• IL PALAFLORIO: Concerti - Spettacoli - Eventi Sportivi a Bari
17 SET 2018

Il mondo al Palaflorio: Giorno 6

La lotta per la vittoria della pool C si intreccia a doppio filo con quella per la conquista della quarta piazza, l’ultima disponibile per proseguire il sogno mondiale, nella sesta giornata della settimana mundial al Palaflorio. Siamo ormai agli sgoccioli di questa meravigliosa esperienza ed è tempo anche di prime sentenze.

La primissima di queste arriva dal primo match di giornata: il campionato del mondo del Camerun finisce qui a Bari in un match che si dimostra essere proibitivo anche sul campo oltre che sulla carta. Troppo forte e troppo motivata la formidabile Russia di Mikhailov e Muserskyi, ancora in corsa per la vetta della classifica, per pensare che i leoni indomabili africani, adottati nei giorni scorsi dall’appassionato pubblico del Palaflorio, potesse conquistare i punti necessari per agguantare la quarta posizione in graduatoria. Sin dalle prime battute la compagine rossobiancoblu mette in evidenza le sue straordinarie qualità fisiche e tecniche e per i rappresentanti del continente nero, che pur si battono con onore, c’è poco da fare (25-16). L’orgoglio spinge la formazione centrafricana a continuare a crederci nella seconda frazione, e , complice un rilassamento dei competitivi avversari, il set risulta essere equilibrato al punto da arrivare ai vantaggi. Ma nel momento in cui la palla comincia a pesare sul serio i valori in campo riemergono inesorabili e la Russia si porta sul doppio vantaggio (30-28). La terza frazione è poco più di un allenamento per Volvich e soci che, in attesa del gran finale di domani, si riportano a quota 9 in scia alla coppia di capoliste Serbia e Usa.

La seconda sentenza di giornata arriva con la gara serale: è l’Australia la formazione che dietro alle tre big continuerà la sua avventura nel mondiale italo-bulgaro. Battendo per 3 set a 1 la Tunisia in quella che era l’ultimissima spiaggia per gli africani per rimanere agganciati ad una comunque remota ipotesi di qualificazione, gli oceanici completano il loro girone barese raggiungendo con merito quello che era l’obiettivo minimo della loro spedizione, la fatidica quarta posizione in graduatoria.
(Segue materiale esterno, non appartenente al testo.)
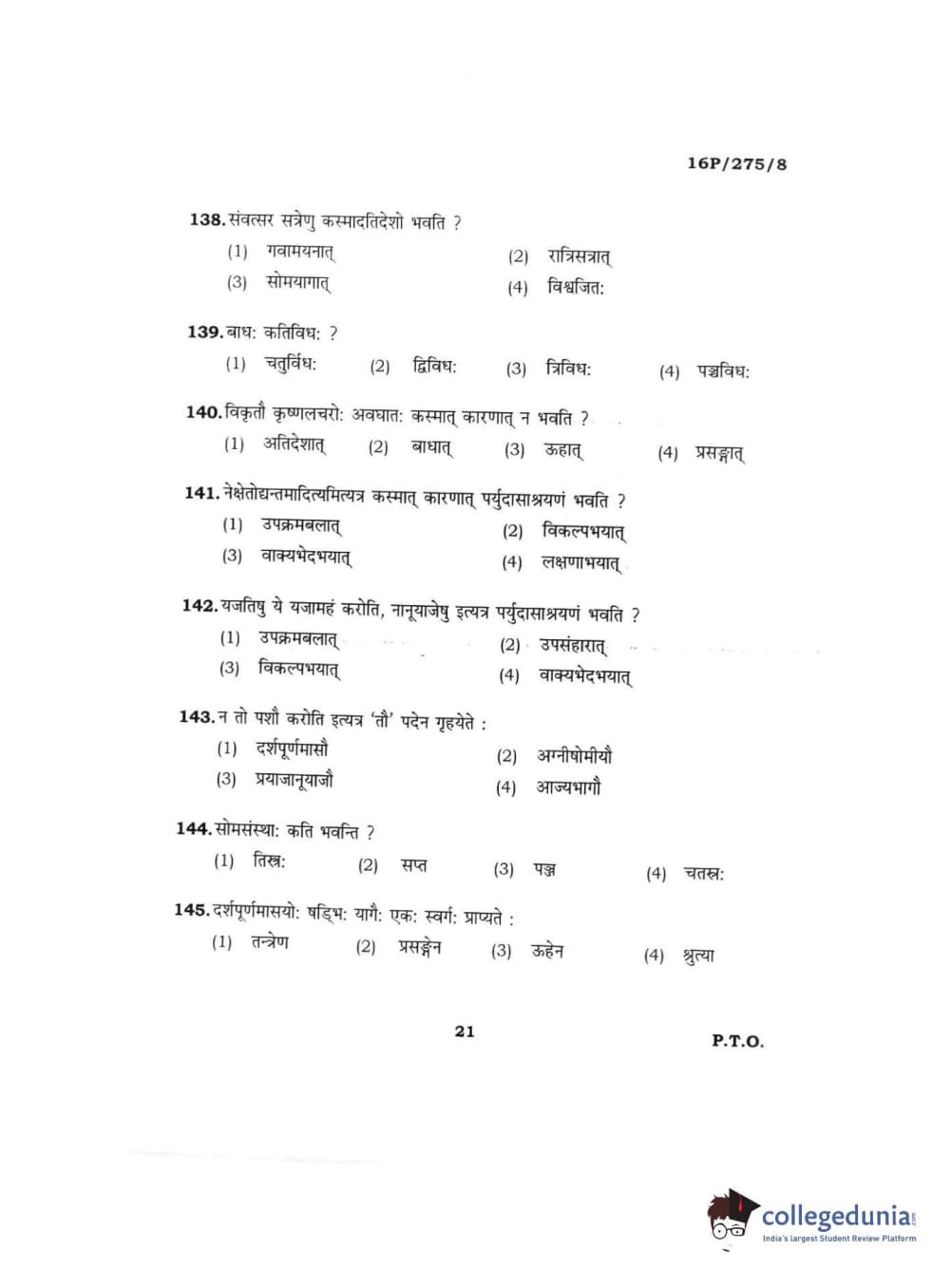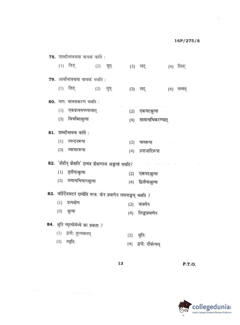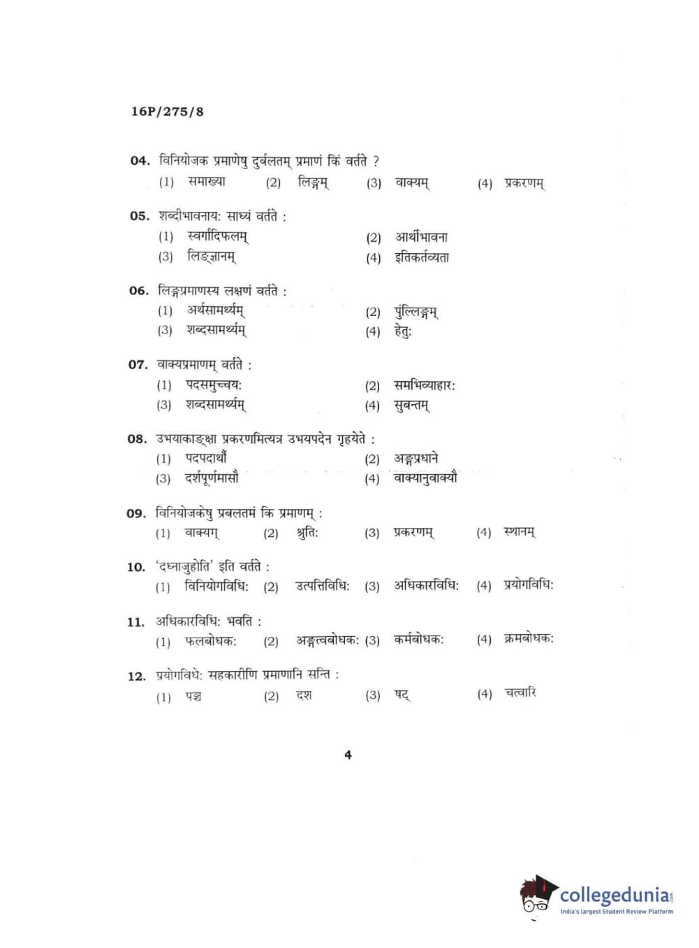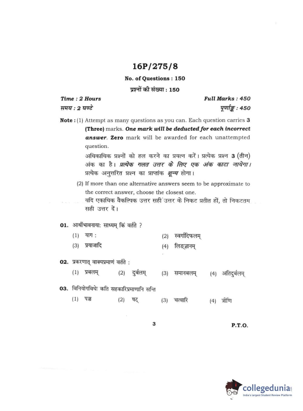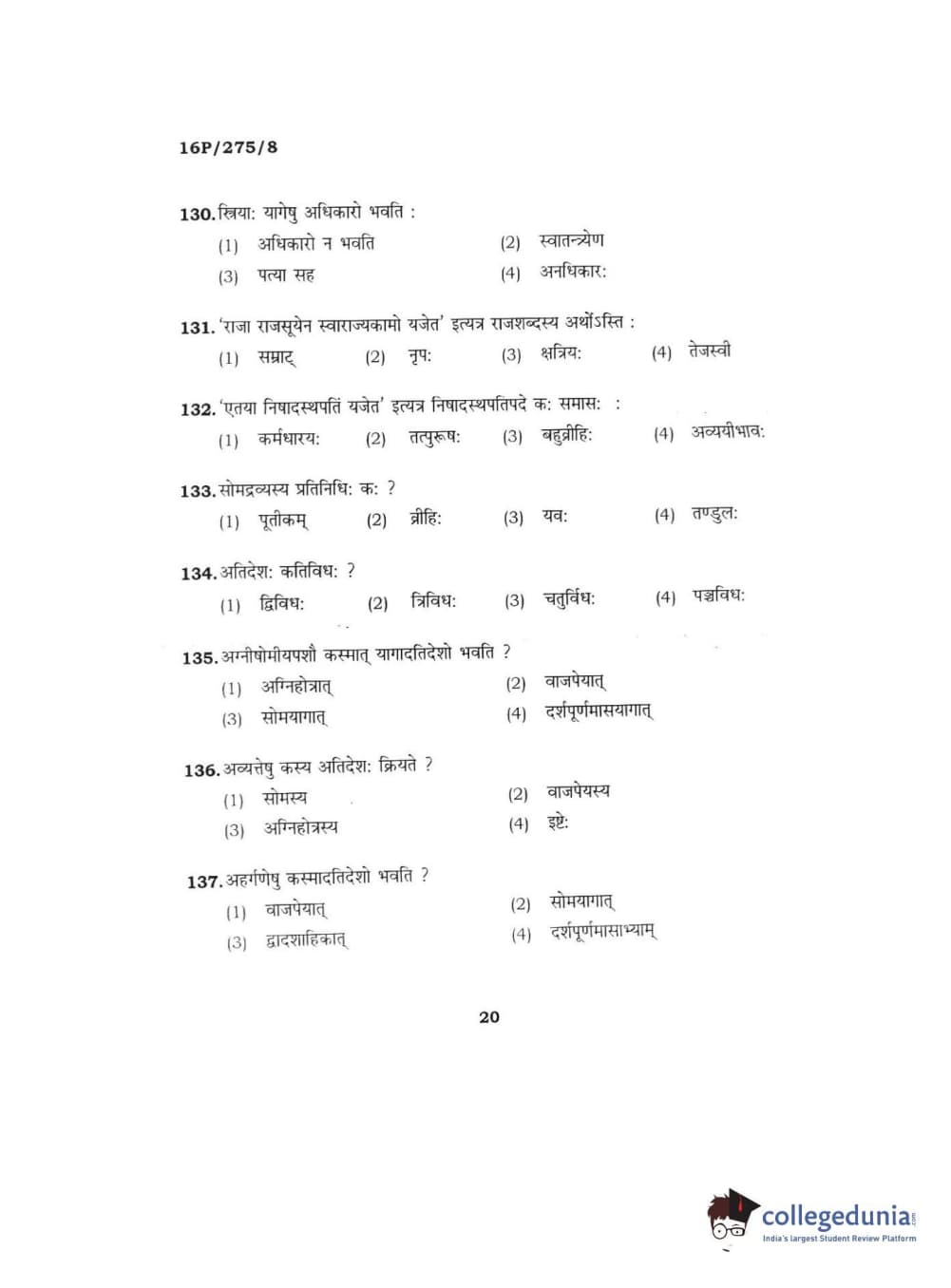 BHU PET 2016 ACHARYA IN MIMANSA Question Paper with Answer Key PDFs

Esce comunque con onore la Tunisia di coach Giacobbe, campione d’Africa in carica, che ha avuto comunque la caparbietà di provarci fino all’ultimo, illudendo i propri tifosi con un grande primo set, vinto per 25-16. Ma gli aussies, scrollatisi di dosso la tensione dovuta all’importanza della posta in gioco, dalla seconda frazione in poi ritrovano il loro gioco e per la Tunisia cala il sipario sulla partita e sul suo mondiale (ininfluente la gara di domani con gli USA). Finisce in festa invece per gli oceanici: la loro esperienza barese la ricorderanno sicuramente con piacere.